Republican Pennsylvania State Rep. Aaron Bernstine told the DCNF he opposes Shapiro’s call to abolish the death penalty in his state.

“I strongly believe that capital punishment should be an option for prosecutors reserved for the most violent offenders, particularly those who have committed crimes against children,” Bernstine argued.

Drug addict Paul Gamboa-Taylor was convicted of murdering two of his own young children, his wife, his mother-in-law and her two-year-old daughter using a hammer in 1991 in York, Pennsylvania, according to legal records.  Gamboa-Taylor was sentenced to death the next year.

Harvey Miguel Robinson raped and killed 29-year-old Joan Burghardt, 15-year-old newspaper delivery girl Charlotte Schmoyer and forty-seven year-old Jessica Jean Fortney and raped thirty-eight-year-old Denise Sam-Cali in less than a year from 1992 to 1993, legal documents indicate. Robinson was 18 years old when he attacked the second two victims, based on Pennsylvania Department of Corrections records

A court gave Thavirak Sam three death sentences for the murders of his mother-in-law, brother-in-law and two-year-old niece, according to a court filing. Sam had immigrated to the U.S. from Cambodia.

Shapiro said Thursday his opinion on capital punishment had “evolved” since the 2018 antisemitic mass shooting at Pittsburgh’s Tree of Life synagogue, which killed 11 Jewish people. Alleged perpetrator Robert Bowers has pleaded not guilty to federal charges and could be sentenced to death for those counts, according to WESA, and Shapiro admitted he initially thought capital punishment was deserved in that case.

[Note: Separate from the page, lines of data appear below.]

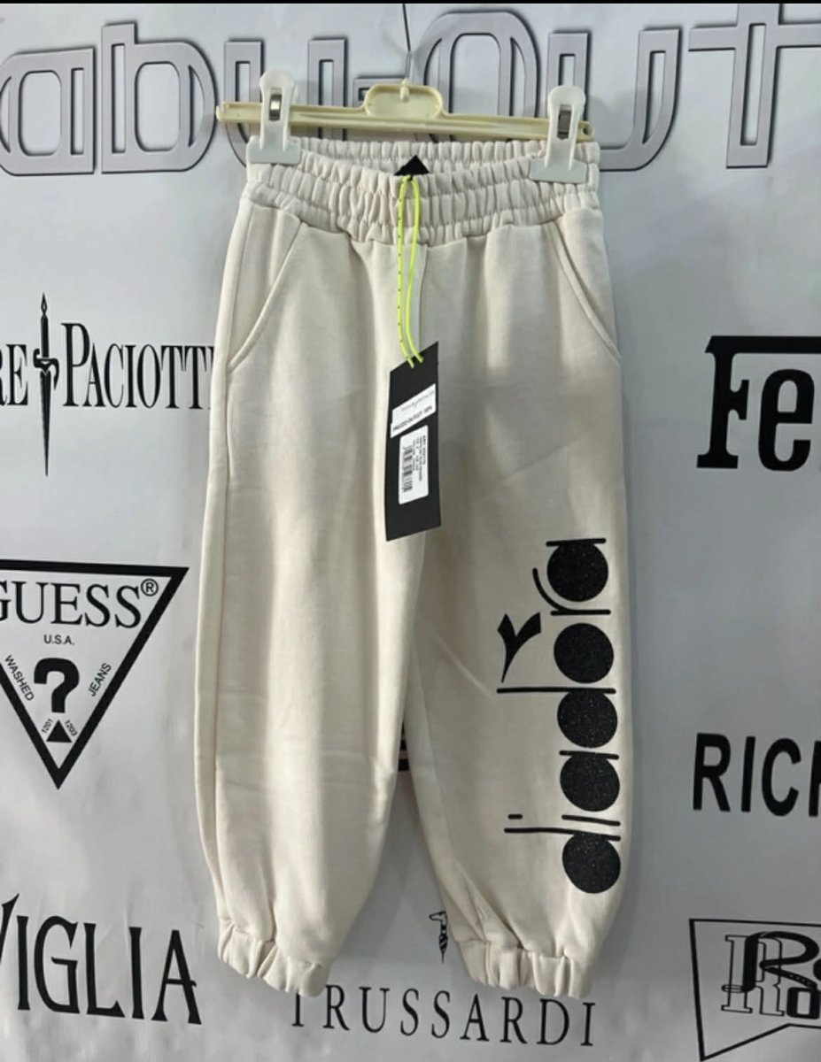 DIADORA PANTALONE DIADORA PANTALONE lungo elastico in vita. logo gamba il LUREX, felpato all’interno colore: panna taglia: dalla 4 anni alla 12 anni composizione: cotone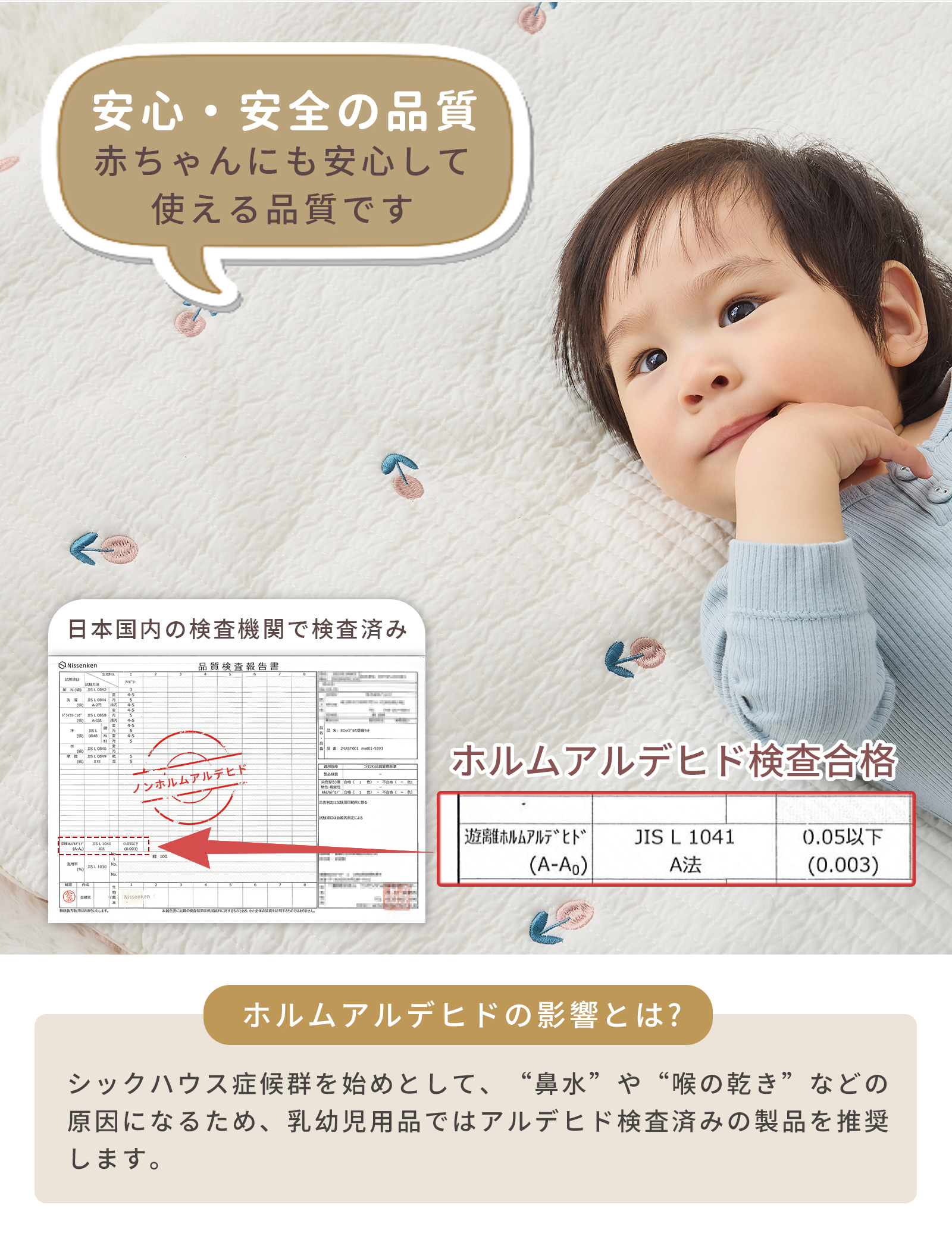 日本国内の検査機関で安全性を確認済み。ママも安心して選べます。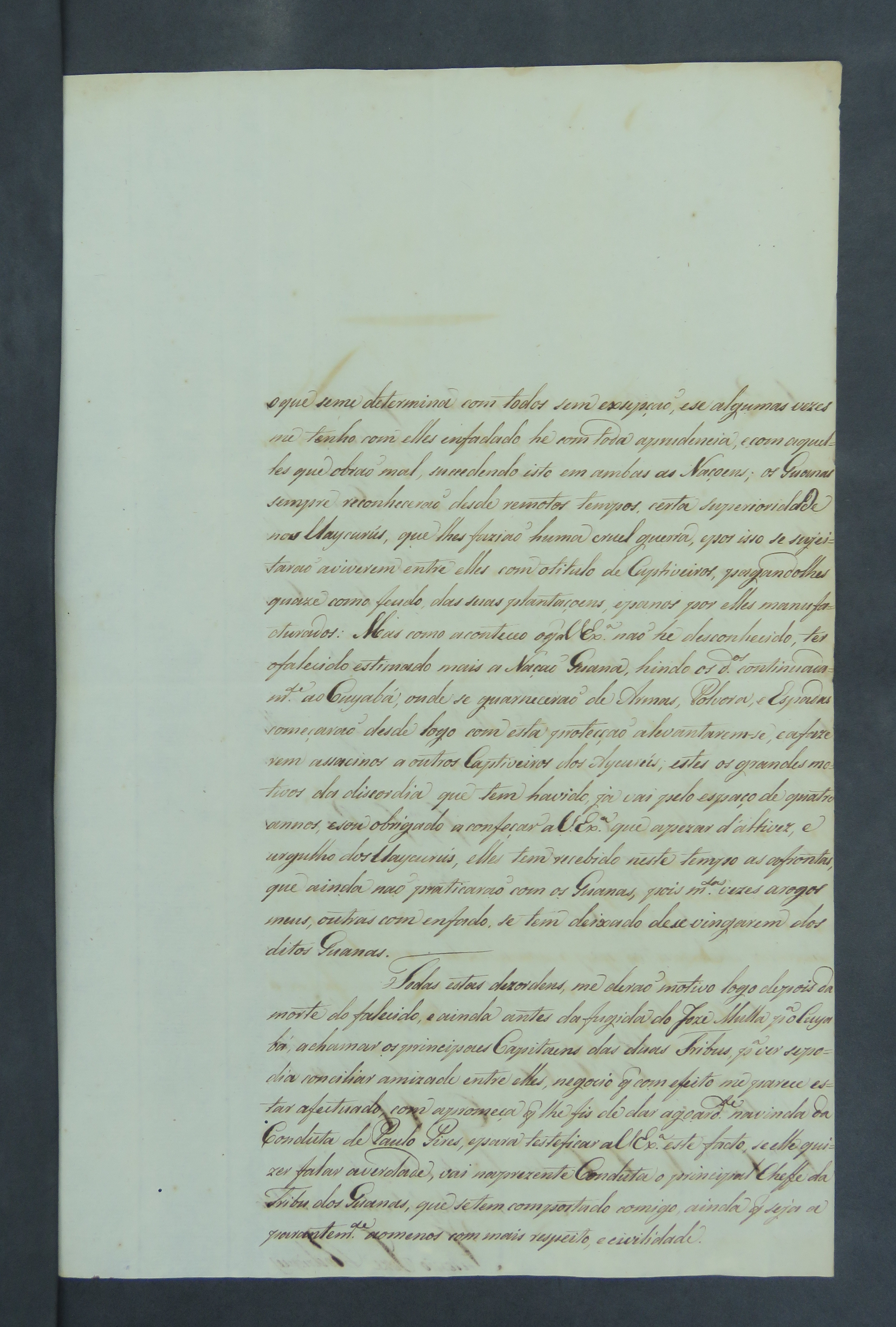 CARTA do Major Comandante Antônio José Rodrigues ao Governador e Capitão-General da Capitania de Mato Grosso João Carlos Augusto D' Oeynhausen e Gravemberg.

Abolishing the death penalty in Pennsylvania would permanently spare Richard Scott Baumhammers, who murdered five people, seriously wounded another and vandalized two synagogues by shooting into them and defacing the first with spray paint in 2000, according to court records. Evidence of Baumhammers’ racist and anti-immigrant ideologies was found on his computer and presented at trial.

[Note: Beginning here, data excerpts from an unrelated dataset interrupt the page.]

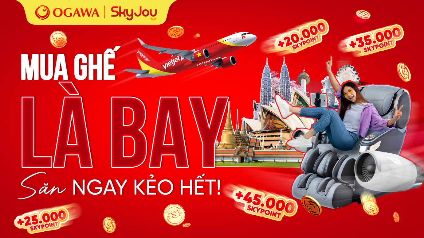 Cụ thể, khi mua ghế massage Ogawa, khách hàng sẽ được nhận điểm Fixed Point (vé thưởng đặc biệt dành riêng Hội viên Vietjet SkyJoy) tương ứng trên ứng dụng SkyJoy. Điều này sẽ giúp khách hàng dễ dàng đổi điểm thưởng từ Ogawa Vietnam thành vé máy bay của Vietjet Air với mức chi phí tiết kiệm lên đến 70%, kể cả trong các dịp cao điểm như cuối tuần, ngày lễ, Tết, mùa du lịch,... Hoặc khách hàng cũng có thể mua sắm hoặc đổi những ưu đãi từ các dịch vụ khác trên ứng dụng SkyJoy.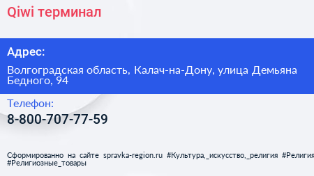 Qiwi, терминал по адресу Волгоградская область, Калач-на-Дону, улица Демьяна Бедного, 94 в дальнейшем Организация, размещена в следующих категориях: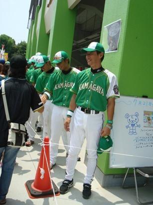 12時の開場より少し早めにゲートが開きました。すでに入場待ちの列は球場を1周するほどまでになっていました。いつもならチームマスコットのカビーがお客さんを出迎えるのですが、今日ばかりはコンコースにズラッと選手が並んで迎えてくれました。一番手前にいたのが、水上監督。あとで知ったのですが、中田選手も並んでたみたいですね…………。気がつきませんでした。(汗汗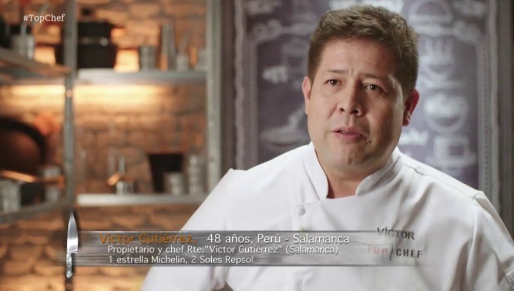 Víctor Gutiérrez es propietario y chef del Restaurante Víctor Gutiérrez en Salamanca con 1 Estrella Michelin y 2 Soles Repsol. Ha sido elegido el mejor restaurante de Castilla y León 2015. La trayectoria gastronómica de este chef de origen peruano afincado en Salamanca, comienza en un humilde restaurante familiar donde ejerció las labores más básicas; poco a poco y gracias a su esfuerzo y tesón, fue creciendo y, tras pasar por restaurantes de prestigio en Castilla León, decidió arriesgar y montar su propio negocio, Víctor Gutiérrez. Su talento y valentía se vieron recompensados dos años después con la Estrella Michelin, que lleva manteniendo durante 13 años. Afirma que su estilo de cocina aúna su alma española, su corazón peruano, y matices del mundo. Fue chef invitado durante la segunda temporada de 'Top Chef', pero en esta ocasión quiere ejercer como concursante y luchar por alzarse vencedor.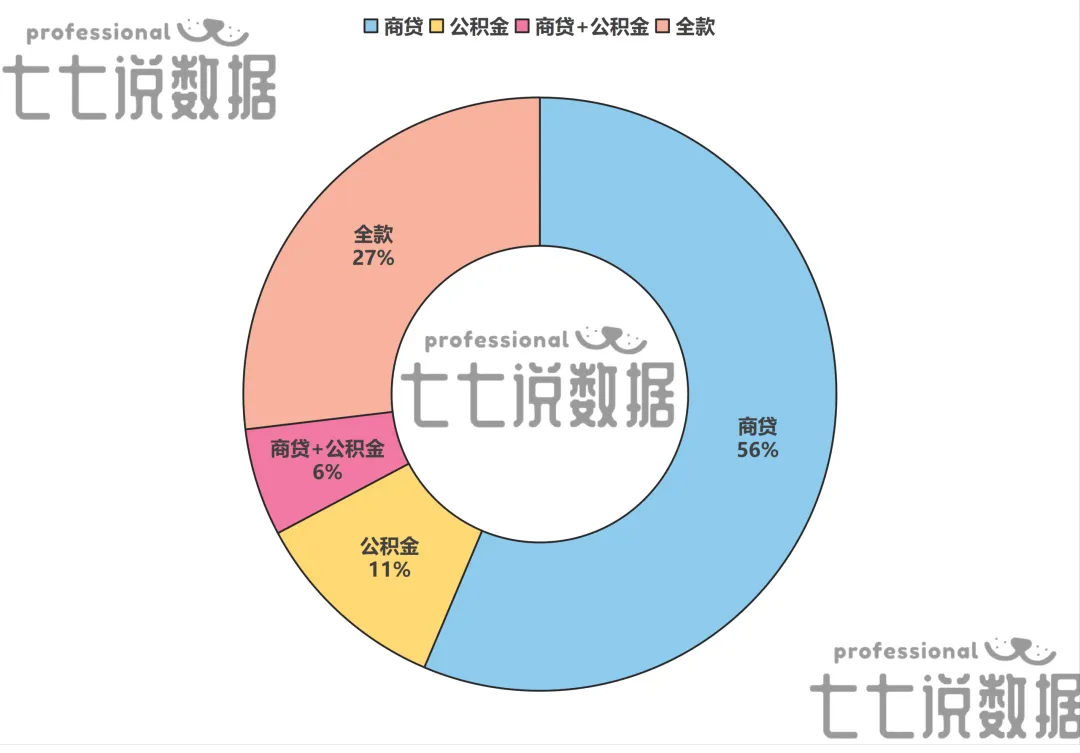在贷款方式上,超出一半的购房人群选择商贷;而约有四分之一的人选择了全款买房;商贷+公积金贷款的混合模式贷款占比最低,仅5.86%。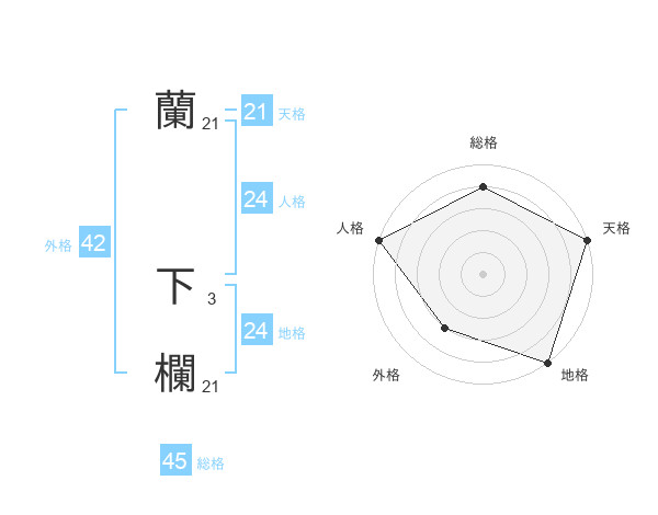 蘭 下欄さんの総格は45画の4点!

A jury sentenced Roger Judge to death in June 1987 after murdering two people in Philadelphia, but he escaped from custody two days after sentencing, a court filing says. Judge was arrested in Canada the next year for two Vancouver armed robberies, received concurrent ten-year prison sentences for those crimes and was ultimately deported to the U.S. in 1998.

The oldest-living Pennsylvania inmate formally sentenced to death is George Banks, who murdered 13 people including five of his own young children in September 1982, according to court documents. However, a Luzerne County senior judge 2010 decided in 2010 that Banks was incompetent to be executed “because he has a fixed, false belief, a delusion, that his sentence has been vacated by God, the governor and [former President] George W. Bush. He believes he is in prison illegally, and he should be going home,” The Morning Call reported.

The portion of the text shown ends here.